Siegfried was in Liberty Circle.

He stepped out of his car and gazed at the clean white spire of St. Paul's Lutheran Church. It was a crisp day, the kind Siegfried liked, and he felt invigorated. He looked to the tower of the church where his radio room was concealed within the walls.

He began to think. And absently, he reached to the pocket of his jacket and pulled out a pack of Pall Malls.

He drew one with his lips, lit it, and began to smoke. He lowered his eyes away from the spire and his radio room. No use calling extra attention. There were people on the sidewalk. People who did not even know there was a Siegfried.

He puffed on the cigarette. Then he heard a woman's voice, which jarred him.

'Why, Reverend Fowler!' the woman said, glaring at the spy. 'Smoking! You smoke! I never knew!'

It was Mrs. Dobson, a plain little woman whose husband owned the hardware store, and her friend Mrs. Jarvis, who worked for Bell Telephone of New Jersey.

'I'm surprised at you, Reverend!' Mrs. Jarvis chimed in. 'I didn't know you had any vices. Such an otherwise decent young man! But, smoking!'

The two ladies, both parishioners, laughed good-naturedly.

Reverend Fowler extinguished the cigarette against the side of the car.

'I apologize, ladies,' he said, grinning and shaking his head. 'I quite forgot myself! See you both on Sunday, now, hear?' He laughed, too, making light of his small sin.

Then they were gone and Siegfried shuddered. The cigarettes. He had neglected to throw them away. They were part of Siegfried, not part of Reverend Fowler. A little mistake like that again could cost him everything!

He shivered. Charlotte. The swim across the Potomac to the presidential yacht. The necessity of now assembling the biggest, most lethal bomb he had ever made. The pressure was mounting on him. Why else would he have forgotten a detail like the cigarettes?

He calmed himself. Perhaps it was a good thing. He would be more careful now. More careful than ever. Nothing short of perfection would do, not until Roosevelt was dead and he was safely in Germany, an American- born hero of the Third Reich.

Cigarettes! A man like Siegfried did not need them anyway. Siegfried was an Aryan! Made of steel! Better than the rabble that surrounded him!

Stephen Fowler turned toward the parish house, which was quiet. Where, he wondered, was Laura?

PART SIX

November 1939

TWENTY-EIGHT

'A Mrs. Laura Fowler found the body,' said Chief of Police Bob Higgins of Liberty Circle. 'Horrible thing. Just horrible. The poor woman went out for a walk behind her husband's church. About an hour before the Reverend returned from a trip. There's a cemetery behind St.
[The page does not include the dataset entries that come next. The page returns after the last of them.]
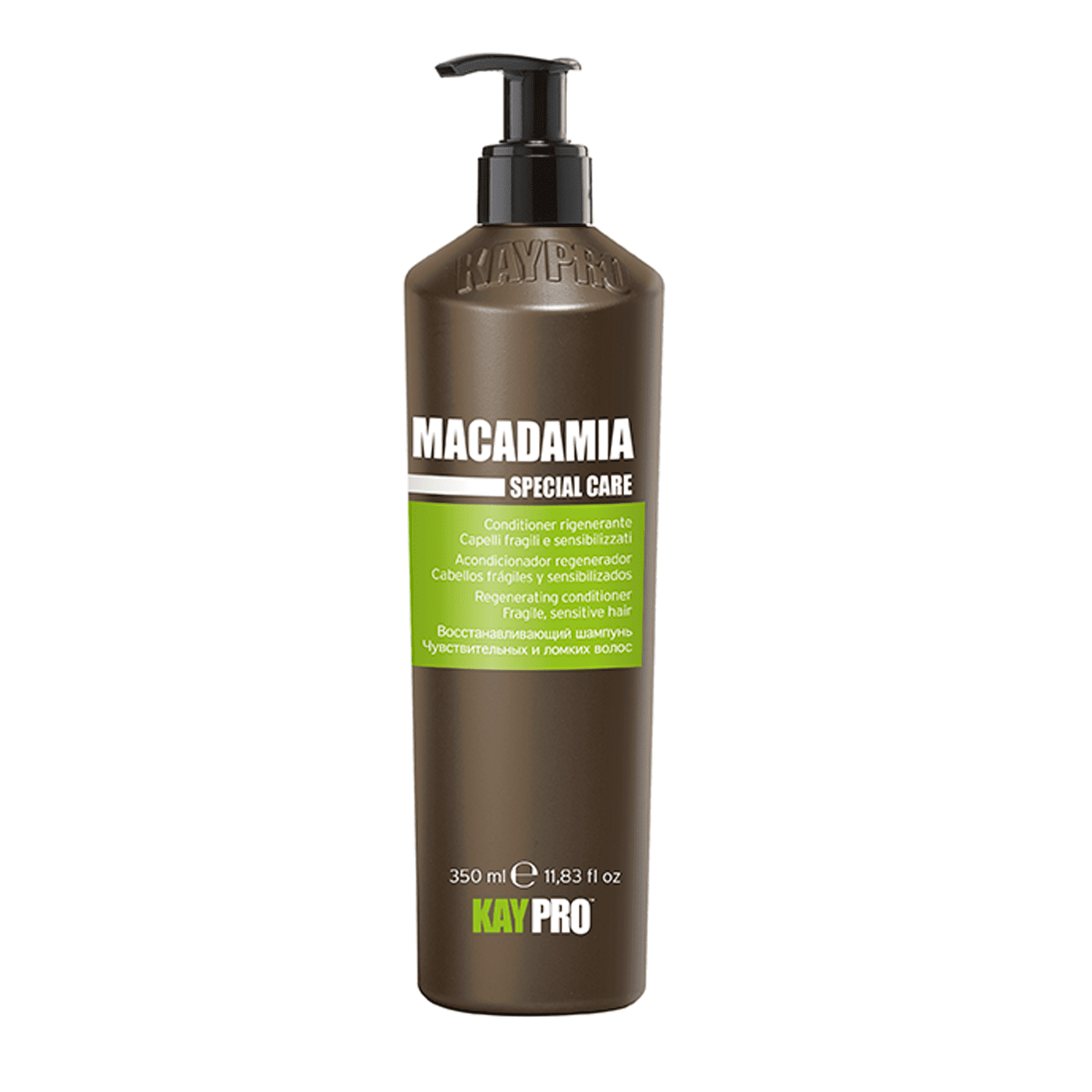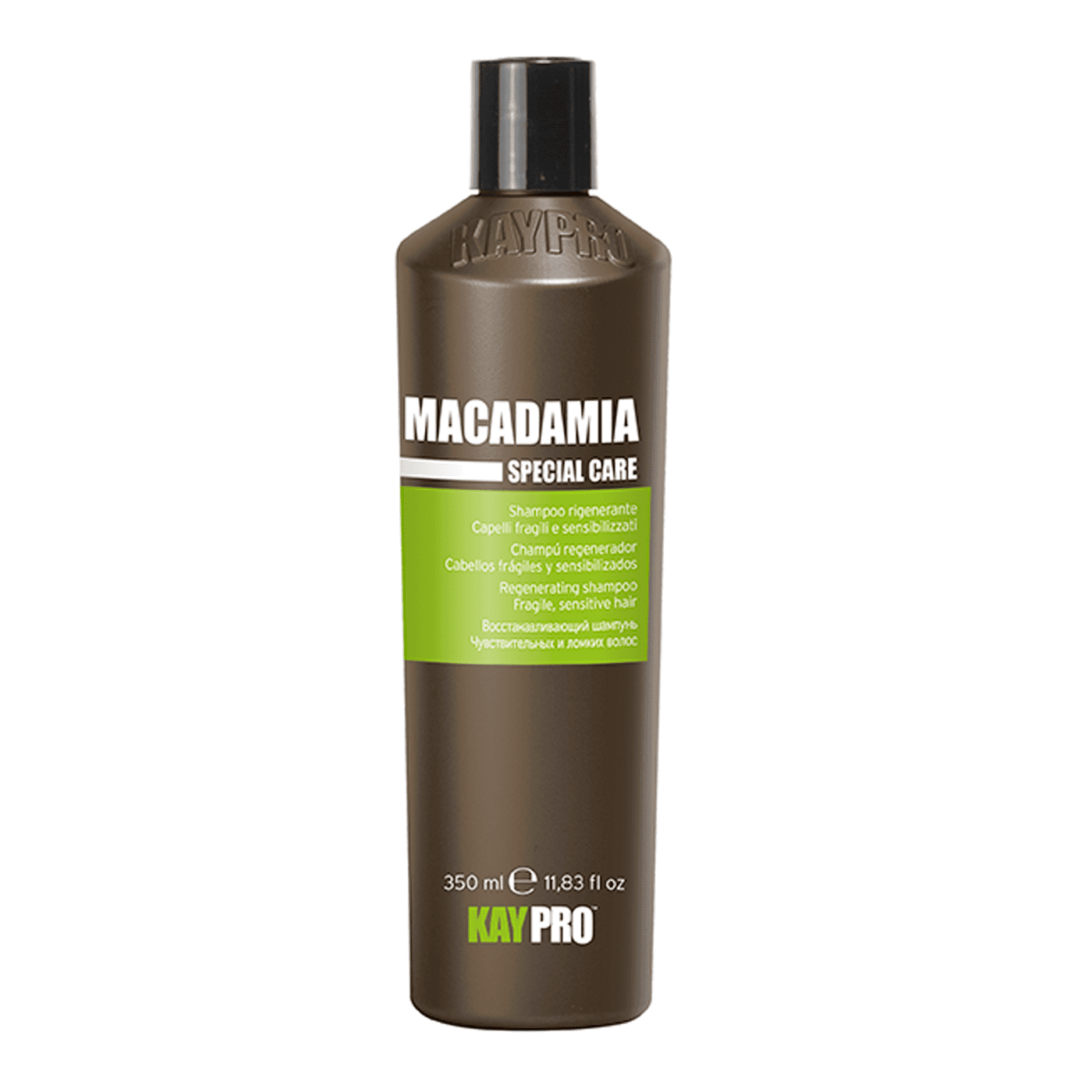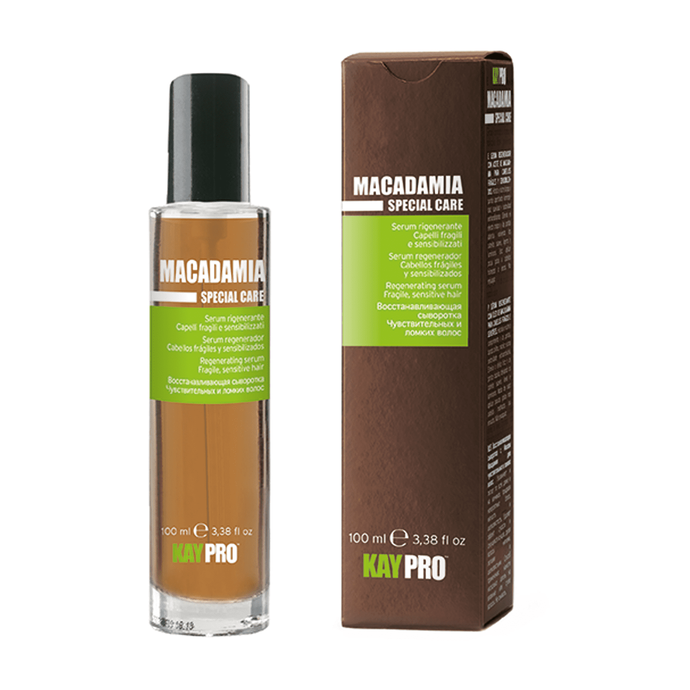 L’azione sinergica di antiossidanti e olio di macadamia rinforzano il capello e lo nutrono in profondità.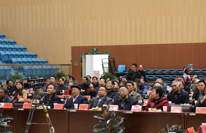 何文明主持会议,与会还观看了南华县在建州60周年发展综述专题片《沧桑巨变 成就辉煌》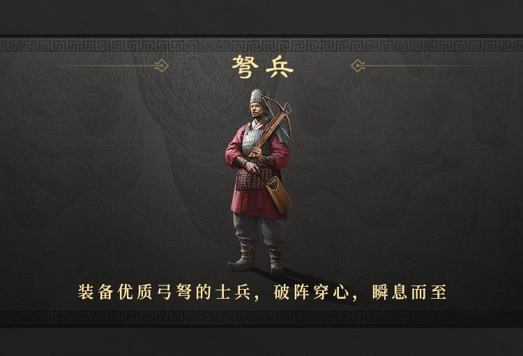 游戏中共有四大基础兵种:盾兵、骑兵、枪兵和弓兵。在S2赛季更新后,每个基础兵种都可以晋升为两个进阶兵种,分别是剑盾兵、重盾兵、轻骑兵、重骑兵、长枪兵、长矛兵、长弓兵和弩兵。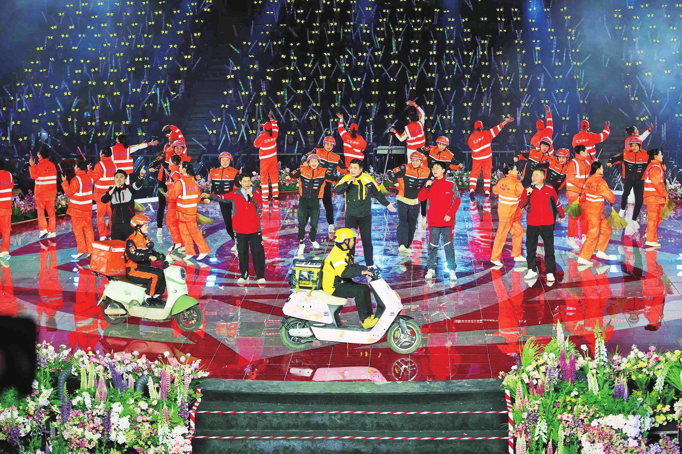 这些朗朗上口又妙趣横生的魔改歌词源自盛典晚会的创意拉歌环节。来自各行各业的观众方阵打破传统舞台边界,随着激昂旋律齐声合唱、即兴互动。歌声此起彼伏,气势如虹,瞬间将盛典晚会化作一场全民狂欢。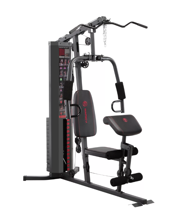 This 2025 Marcy 150lb Stack Home Gym is a versatile all-in-one combo Smith Machine, incorporating Smith bar functionality, cable systems, and a power rack. In like-new condition, it has been used for only one year, showing minimal signs of wear. The machine comes fully equipped with a variety of accessories, including a lat pulldown attachment, low row/seated row cable attachment, weight plate holders, dual action arm press with independent motion, upper pulley for abs, foam roller pads for chest and pec fly exercises, total leg foam roller pads, and a removable preacher curl and bicep pad, all complemented by a weight stack with lock. No assembly is required, and there are no reported issues, making this an excellent choice for immediate use in a home gym setup.\n\nFeaturing a robust design, this Marcy Smith Machine supports a weight capacity of up to 150 lbs, ensuring durability for a range of exercises. Its dimensions are 42 inches in width, 68 inches in height, and 78 inches in depth, fitting comfortably in most home gym spaces. Safety and adjustment features include adjustable safety stops, lock-out catches, and a counter-balance mechanism to enhance user security during workouts. The all-in-one design offers multiple workout options, from Smith bar exercises to cable-based movements, catering to a full-body training regimen.\n\nAdditional highlights of this model include its comprehensive accessory package, which maximizes workout versatility. Whether focusing on strength training, muscle isolation, or endurance, this machine provides the tools needed for a complete fitness experience. Buyers will appreciate the thoughtful design elements, such as the foam roller pads and independent motion arm press, which add comfort and flexibility to every session.

Paul's, then a couple of acres of woods. Well, sir, she's walking and her foot hits something.'

Bill Cochrane followed Chief Higgins closely, listening to each word. They walked from the police station only about two blocks to the church. Higgins was not used to having F.B.I. visitors. It was still a nice afternoon.
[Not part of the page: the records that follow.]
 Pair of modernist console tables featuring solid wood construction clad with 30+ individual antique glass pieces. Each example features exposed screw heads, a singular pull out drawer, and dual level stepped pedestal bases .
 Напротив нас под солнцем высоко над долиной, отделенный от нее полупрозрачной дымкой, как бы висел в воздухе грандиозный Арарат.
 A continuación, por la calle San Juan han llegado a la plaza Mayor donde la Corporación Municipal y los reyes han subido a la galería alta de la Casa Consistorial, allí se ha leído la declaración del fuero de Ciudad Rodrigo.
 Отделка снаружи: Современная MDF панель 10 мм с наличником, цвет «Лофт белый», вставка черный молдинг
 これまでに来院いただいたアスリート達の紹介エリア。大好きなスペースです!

'She sees what hit her foot and she looks down. Well, sir,' said the red-haired, lean Higgins, 'sure enough. It's the arm of a dead woman reaching up from a makeshift grave.'

Cochrane nodded. They walked quickly. 'Thank you for telephoning,' he said. He hadn't been off the train from Washington for ten minutes.
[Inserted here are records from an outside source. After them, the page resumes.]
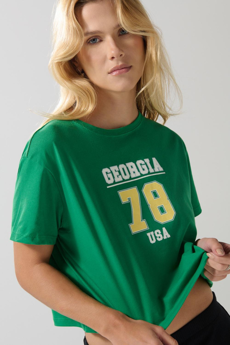Camiseta para mujer crop top verde oscura cuenta con cuello redondo, manga corta, diseño college estampado en frente y un fit que se ajustará al cuerpo en la medida precisa. Combínala con un short en jean y tus tenis más cómodos, así disfrutarás de tus planes de fin de semana con un total look tan genuino como tú.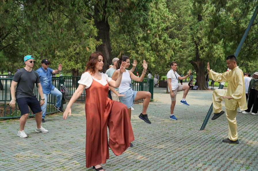 Tourists from Italy practice Tai Chi at the Tiantan (Temple of Heaven) Park in Beijing, capital of China, July 9, 2024. (Xinhua/Ju Huanzong)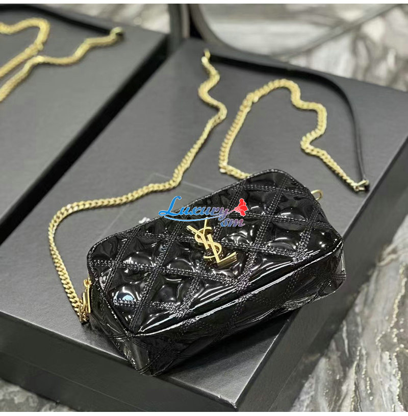 [스페셜오더]SAINT LAURENT-608941 생 로랑 블랙 페이턴트 가죽 베키 더블 집 파우치

'Well, sir,' answered Higgins. 'I got that F.B.I. circular about that sailor who was murdered. Wasn't that a horrible thing? Well, it stuck with me. Couldn't get the case out of my mind. The boy's body lying out there in the woods. Well, sir. Then we get this one right here in Liberty Circle. Almost the exact same thing. So, well, sir, I made up my mind to call.'

The local police officer was correct. It was like Billy Pritchard all over again. Higgins led Cochrane fifty yards through the woods and they came to a black blanket that covered a corpse. The rest of the Liberty Circle Police Department, two deputies, sprung to attention when they saw that Chief Higgins had a visitor.